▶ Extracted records
=== Begin Enclosure ===

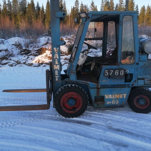 Hytillinen kaasutrukki, lumiketjuilla.
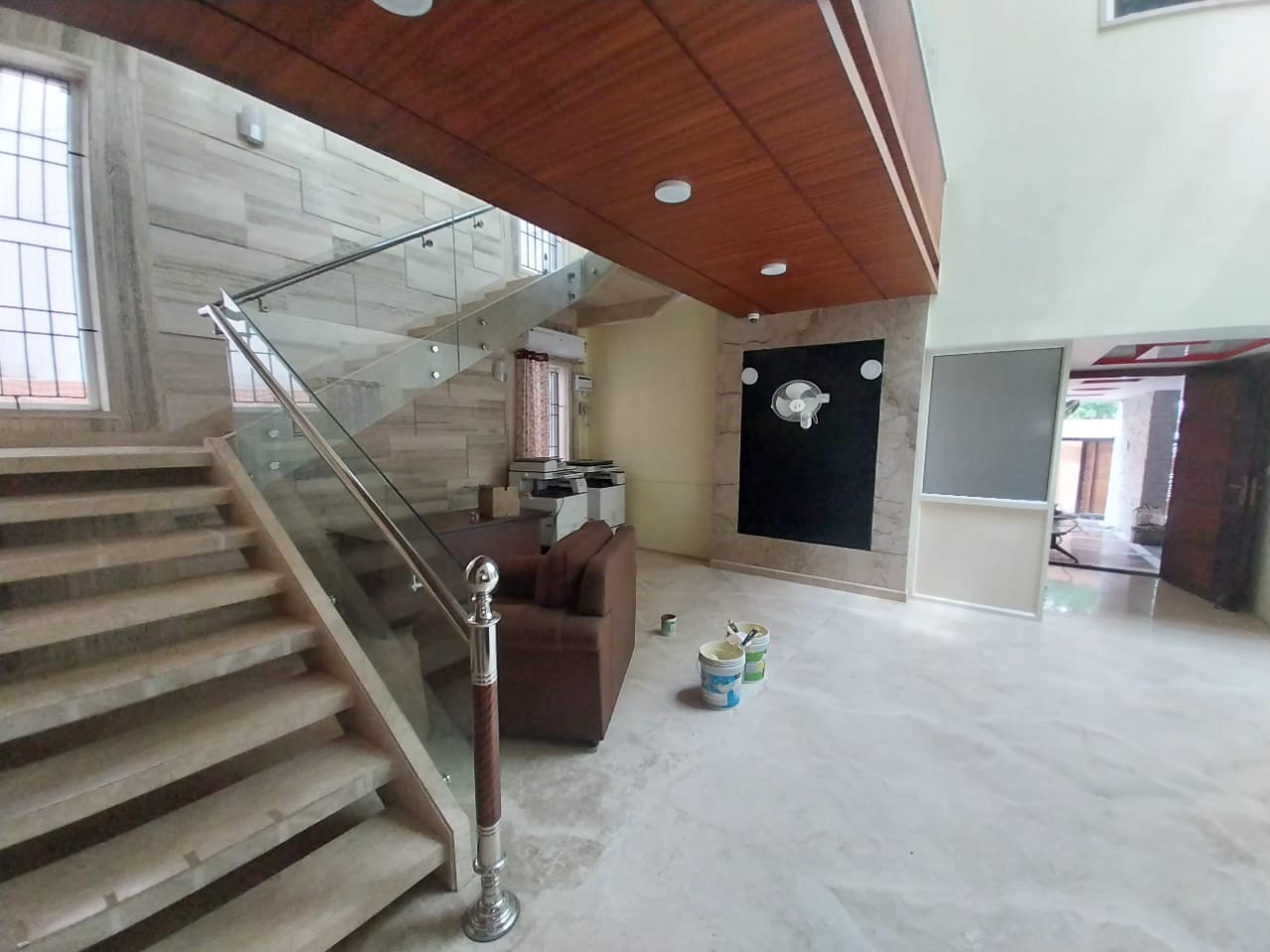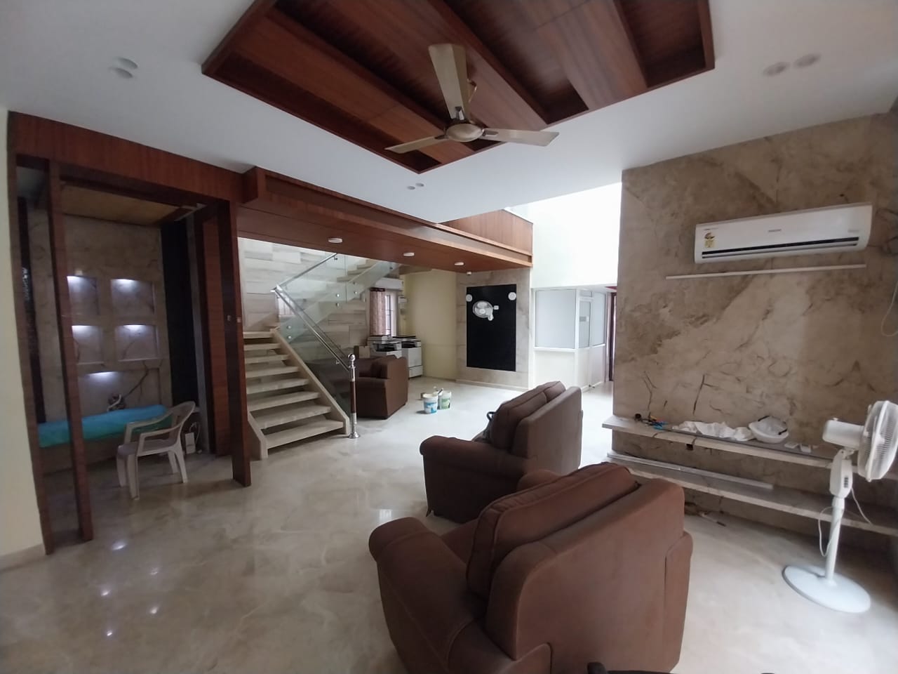 Brand-new, unfurnished 4 BHK house with 5,500 Sq.Ft. built-up area. Features ample car parking, modular kitchen, planned power backup, staff quarters, garden, and a north-facing la
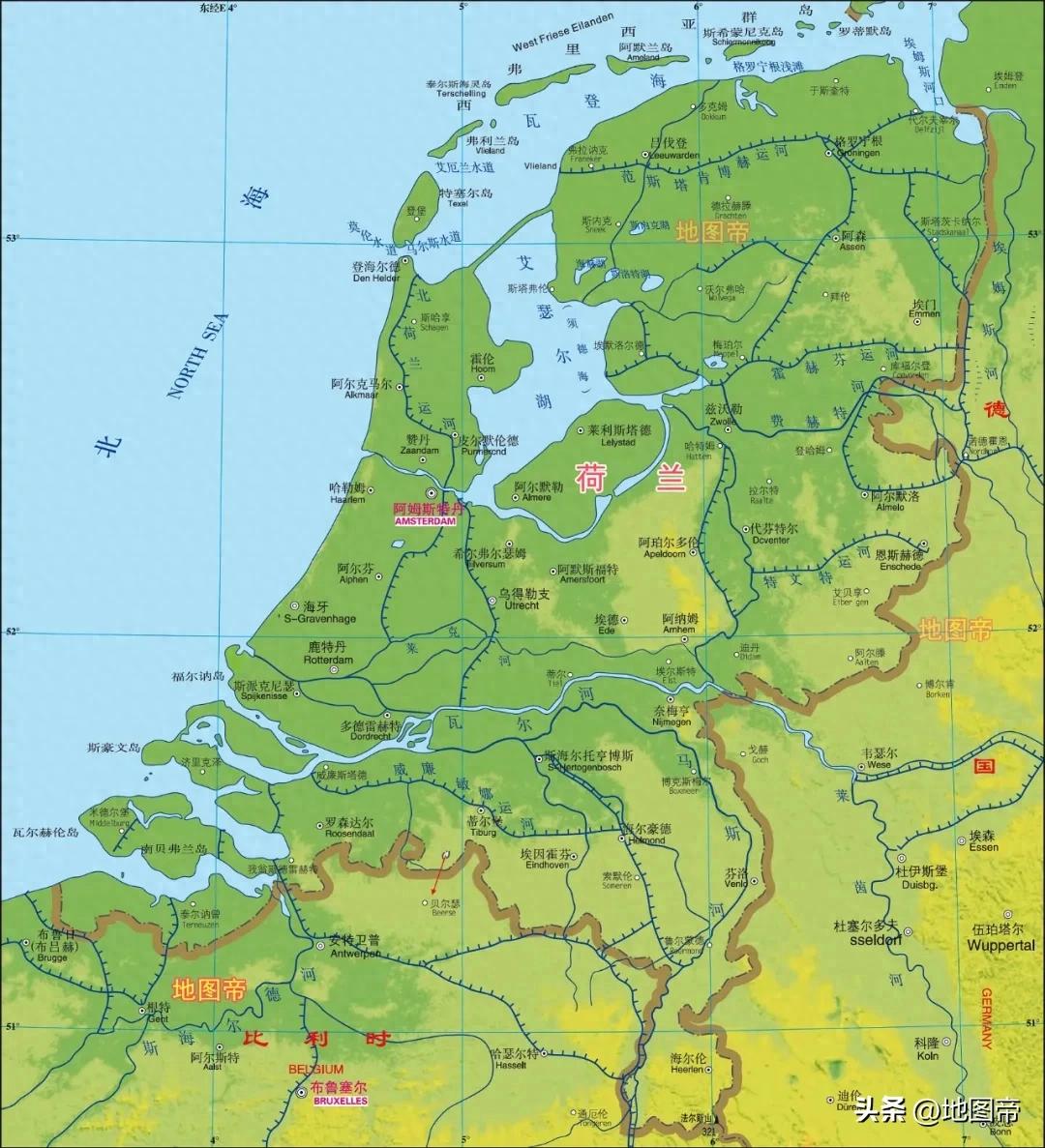 荷兰海岸线有1075千米,平均海拔约2米,24%的面积低于海平面,1/3的面积仅高出海平面1米。荷兰筑坝为堤阻隔海水倒灌,同时将内河水流抽出。如果三个月不排水,荷兰的水位会上升1.5米。
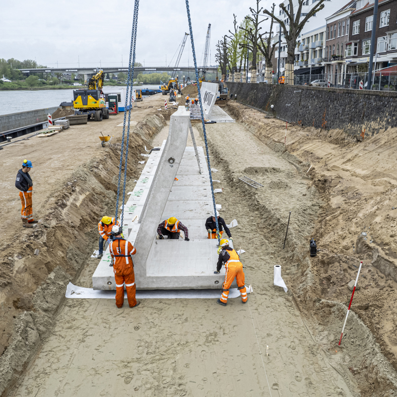 Sustainable construction and development is one of Ballast Nedam's biggest spearheads. Achieving emission-free construction sites by 2030 is an important step within this. In the project Versterking Rijnkade Arnhem, Ballast Nedam is further expanding the expertise and experience required for this. This means solving two sustainability questions with one solution: tackling the quay simultaneously contributes to protection against high-water levels, which are becoming more frequent due to climate change.
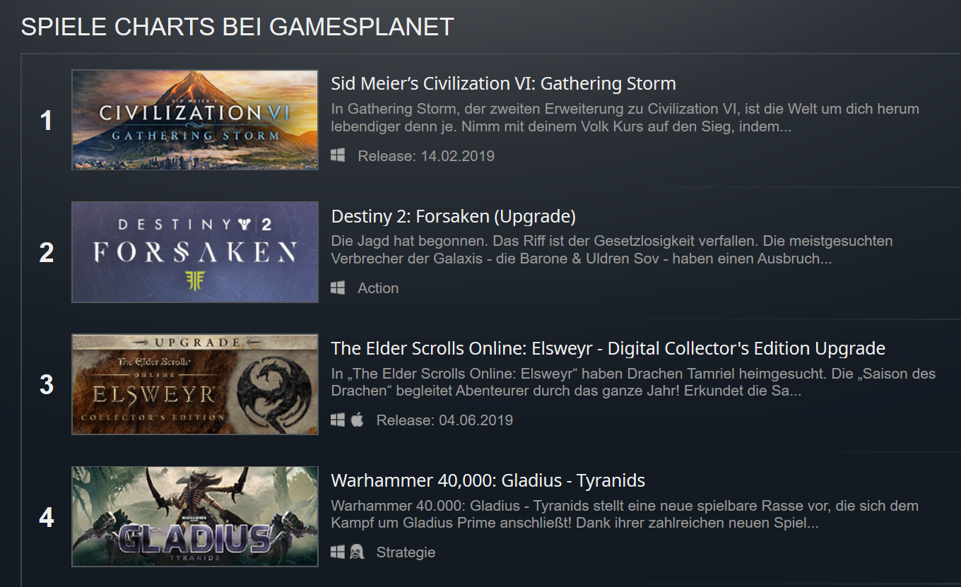 Lorenz Ruhmanns Warhammer 40.000 Gladius am 20.07.2019 in den Gamesplanet Charts.PNG
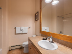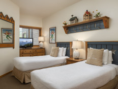 Villas 1524, a second-floor unit with elevator access, features 2 bedrooms and 2 bathrooms. The master bedroom includes a king bed, while the guest bedroom offers 2 twin beds. The living room, with its pull-out sofa, provides panoramic mountain views from both the interior and the private deck, which includes a gas grill. The residence also features a fully equipped kitchen with granite countertops, a wood-burning fireplace with provided firewood, and an individual ski storage closet. More...
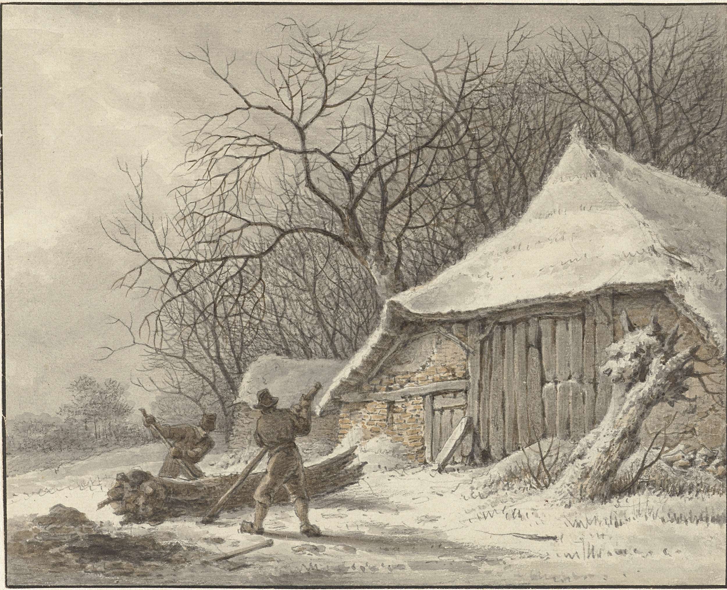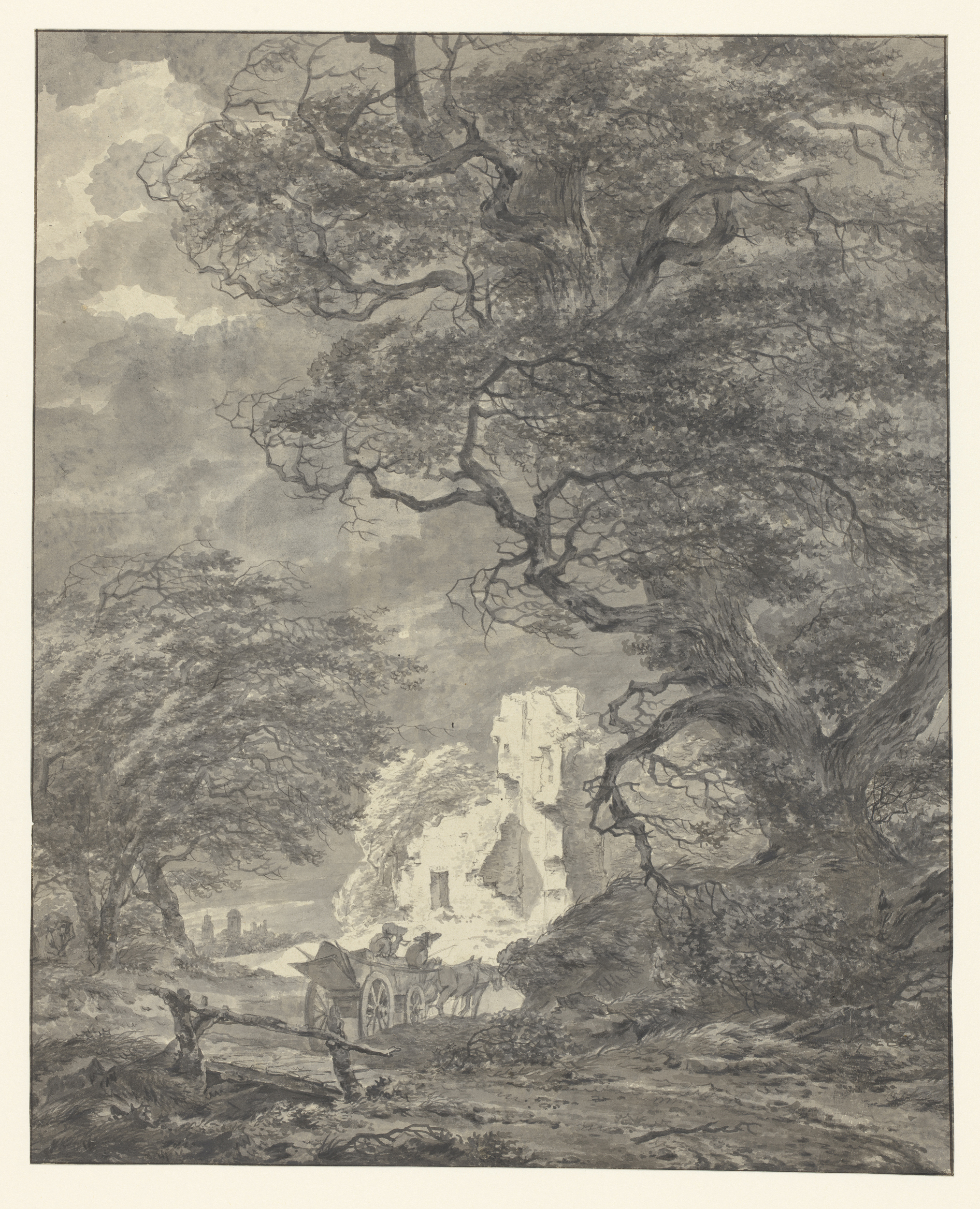 Landschap met twee figuren onder bomen

=== End Enclosure ===

Repeat the data in full and exactly. Omit pictures.

▶ Answer space
 Hytillinen kaasutrukki, lumiketjuilla.
 Brand-new, unfurnished 4 BHK house with 5,500 Sq.Ft. built-up area. Features ample car parking, modular kitchen, planned power backup, staff quarters, garden, and a north-facing la
 荷兰海岸线有1075千米,平均海拔约2米,24%的面积低于海平面,1/3的面积仅高出海平面1米。荷兰筑坝为堤阻隔海水倒灌,同时将内河水流抽出。如果三个月不排水,荷兰的水位会上升1.5米。
 Sustainable construction and development is one of Ballast Nedam's biggest spearheads. Achieving emission-free construction sites by 2030 is an important step within this. In the project Versterking Rijnkade Arnhem, Ballast Nedam is further expanding the expertise and experience required for this. This means solving two sustainability questions with one solution: tackling the quay simultaneously contributes to protection against high-water levels, which are becoming more frequent due to climate change.
 Lorenz Ruhmanns Warhammer 40.000 Gladius am 20.07.2019 in den Gamesplanet Charts.PNG
 Villas 1524, a second-floor unit with elevator access, features 2 bedrooms and 2 bathrooms. The master bedroom includes a king bed, while the guest bedroom offers 2 twin beds. The living room, with its pull-out sofa, provides panoramic mountain views from both the interior and the private deck, which includes a gas grill. The residence also features a fully equipped kitchen with granite countertops, a wood-burning fireplace with provided firewood, and an individual ski storage closet. More...
 Landschap met twee figuren onder bomen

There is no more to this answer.